*** Opening of Given material ***

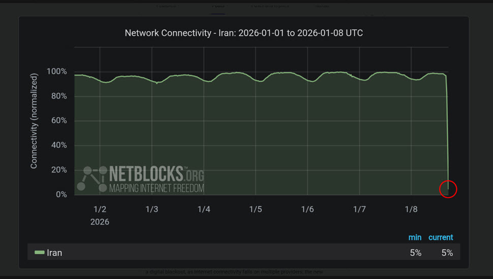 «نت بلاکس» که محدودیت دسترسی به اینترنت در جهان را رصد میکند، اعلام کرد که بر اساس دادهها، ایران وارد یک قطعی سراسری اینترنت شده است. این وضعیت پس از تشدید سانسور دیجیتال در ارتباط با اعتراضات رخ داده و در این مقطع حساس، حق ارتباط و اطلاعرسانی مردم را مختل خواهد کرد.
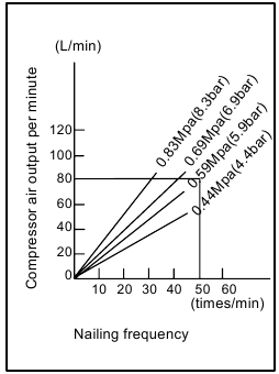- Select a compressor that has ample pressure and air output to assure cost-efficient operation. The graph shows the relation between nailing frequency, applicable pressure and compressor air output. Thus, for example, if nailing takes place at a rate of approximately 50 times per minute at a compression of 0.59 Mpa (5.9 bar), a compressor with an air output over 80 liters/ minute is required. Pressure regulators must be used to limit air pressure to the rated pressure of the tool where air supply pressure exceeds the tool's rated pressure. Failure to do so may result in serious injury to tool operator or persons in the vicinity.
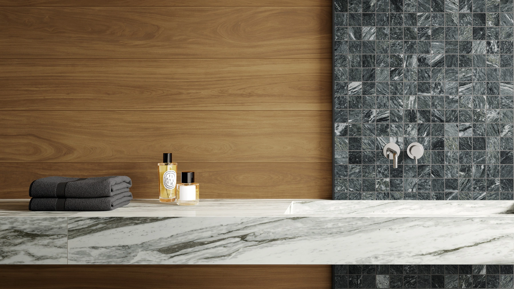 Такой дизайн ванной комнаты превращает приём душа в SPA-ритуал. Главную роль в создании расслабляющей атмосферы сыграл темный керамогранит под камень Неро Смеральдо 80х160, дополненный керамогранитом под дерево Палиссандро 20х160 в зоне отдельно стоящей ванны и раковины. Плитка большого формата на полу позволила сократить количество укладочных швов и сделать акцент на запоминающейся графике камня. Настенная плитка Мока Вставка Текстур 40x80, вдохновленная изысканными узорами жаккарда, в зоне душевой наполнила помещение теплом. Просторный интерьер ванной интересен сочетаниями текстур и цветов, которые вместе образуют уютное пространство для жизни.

*** Close of Given material ***

Could the lines from the top of the material through the line with "- Select a compressor" be repeated exactly, pictures left out?

Response to this task:
 «نت بلاکس» که محدودیت دسترسی به اینترنت در جهان را رصد میکند، اعلام کرد که بر اساس دادهها، ایران وارد یک قطعی سراسری اینترنت شده است. این وضعیت پس از تشدید سانسور دیجیتال در ارتباط با اعتراضات رخ داده و در این مقطع حساس، حق ارتباط و اطلاعرسانی مردم را مختل خواهد کرد.
- Select a compressor that has ample pressure and air output to assure cost-efficient operation. The graph shows the relation between nailing frequency, applicable pressure and compressor air output. Thus, for example, if nailing takes place at a rate of approximately 50 times per minute at a compression of 0.59 Mpa (5.9 bar), a compressor with an air output over 80 liters/ minute is required. Pressure regulators must be used to limit air pressure to the rated pressure of the tool where air supply pressure exceeds the tool's rated pressure. Failure to do so may result in serious injury to tool operator or persons in the vicinity.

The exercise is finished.